The Maid of the Loch enters final phase of restoration
After more than 20 years of effort, it looks as if the Maid of the Loch will be sailing once again, maybe even as early as 2018.
The Heritage Lottery Fund (HLF) has offered support for the £5.5 million project.
Phil Preston, chairman of the Loch Lomond Steamship Company (LLSC), said: “This has been a 20 year cause, during which we have raised and reinvested over £1.9 million and committed over 80,000 hours to restoring the ship.
“With this promise of around £3.8 million from HLF, we now need to do the hard work of raising the other £1.7 million. I guess it’s now full steam ahead.”
This is a Round One Pass, meaning that the charity can prepare all the necessary technical surveys, drawings, and specifications for the ship’s rebuild.

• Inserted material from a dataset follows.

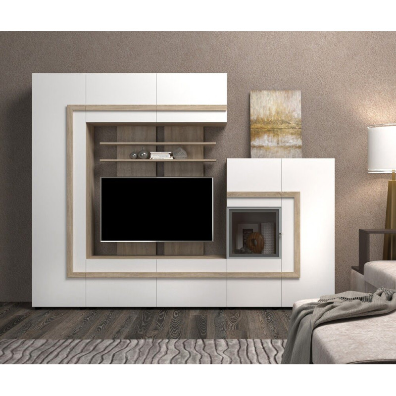 Поєднання кольорів дуб сонома та білого надає меблям легкості та сучасного вигляду, завдяки чому стінка гармонійно вписується в різні стилі інтер’єру. Конструкція включає відкриті полиці, шафи та відділення для техніки, що дозволяє зручно розмістити телевізор, книги, декор та інші речі.
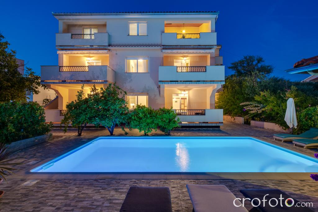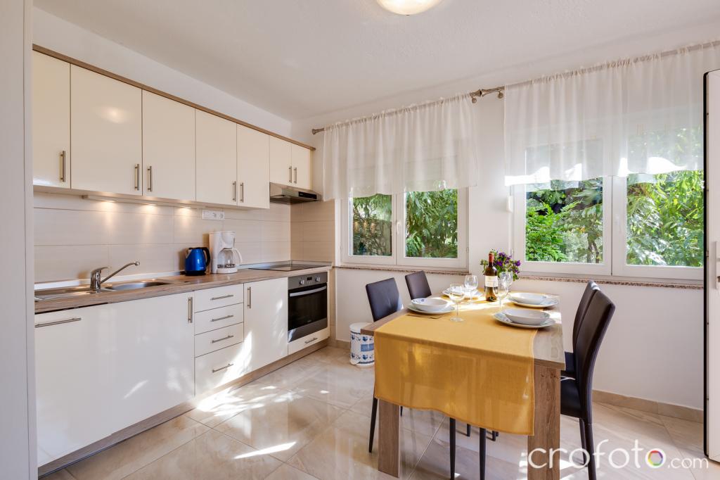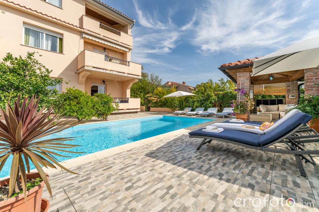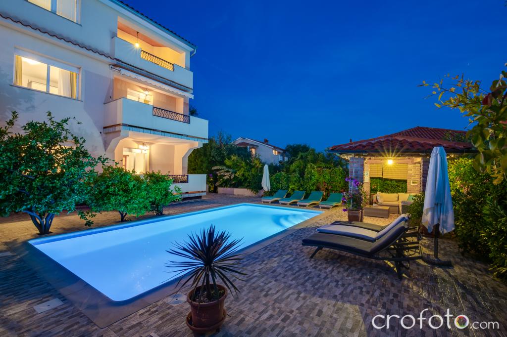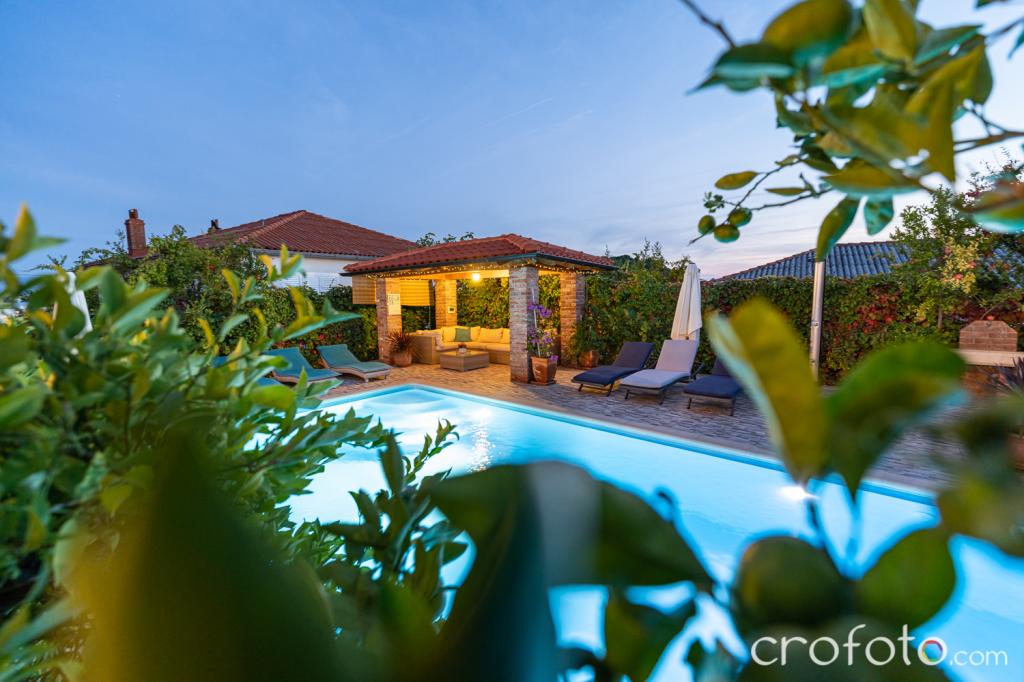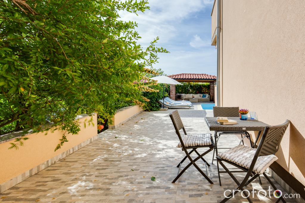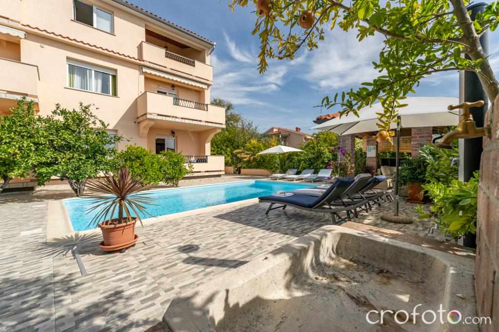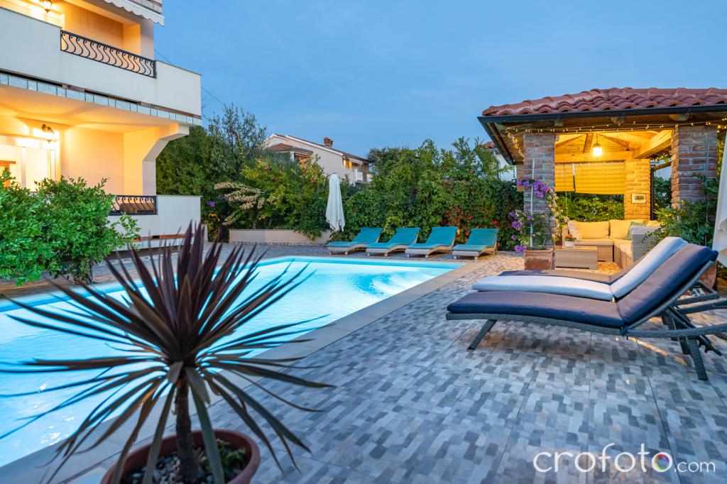 Casa APARTAMENTE JURIĆ are o locație excelentă, aproape de centru și de cele mai renumite restaurante, aproape de mare, aproape de parc. Ceea ce câștigă cu adevărat este departe de aglomerație, într-o locație liniștită, cu piscină proprie și grădină cu foișor separat cu șemineu și o masă mare, pe care am pus-o la dispoziția dragilor noștri oaspeți. Zonă plăcut amenajată și mobilată în jurul piscinei, cu locuri confortabile la umbra unui foișor intim, șezlonguri confortabile, înconjurată de verdeață înaltă. În grădină, măslini, ierburi mediteraneene, plante ornamentale și flori conferă o atmosferă specială. Atmosfera este foarte plăcută, potrivită pentru o vacanță liniștită și relaxare.

Stuart McMillan MSP attended the celebrations and said: “I am delighted that the Maid campaign has received this huge financial boost and look forward to seeing the Maid once again sailing on Loch Lomond.
“There is still much work to be done but this Heritage Lottery Fund investment should give confidence to other potential investors”.
The engagement of consultants and marine experts will begin immediately with all necessary surveys, reports, and costs being ready for the spring of 2016.
It is anticipated that Maid of the Loch will sail again in 2018.
It’s all a far cry from the day I was wandering through the woods at Balloch, and came across the derelict, vandalised, and stripped hull many years ago – I had no idea it was even there, or had survived being withdrawn when it fell out of service.
I’ve always regretted being fairly far from Balloch, even by car, as I’d liked to have a hand in part of the restoration, but even though my company was involved in a suitable discipline, I doubt if my colleagues would have backed any handouts. (I better not be any more specific.)
Fingers crossed they do get the job done soon, and I’ll be able to have a trip on the loch.
I did sail on her just before she fell out of service (while I was still a kid), and had always planned to make my own way there for a sail or two, but by the time that was possible, she was ‘gone’, and the next time I saw her was as a derelict hull lying somewhere on the shores of Balloch. And even that was just a chance find, as I had gone for a wander in the woods somewhere along the loch. I had no idea even that much had survived (having heard she had fallen out of service, I’d just assumed she’d been scrapped and was gone for good), but even the thought it was only a matter of time before even that was gone.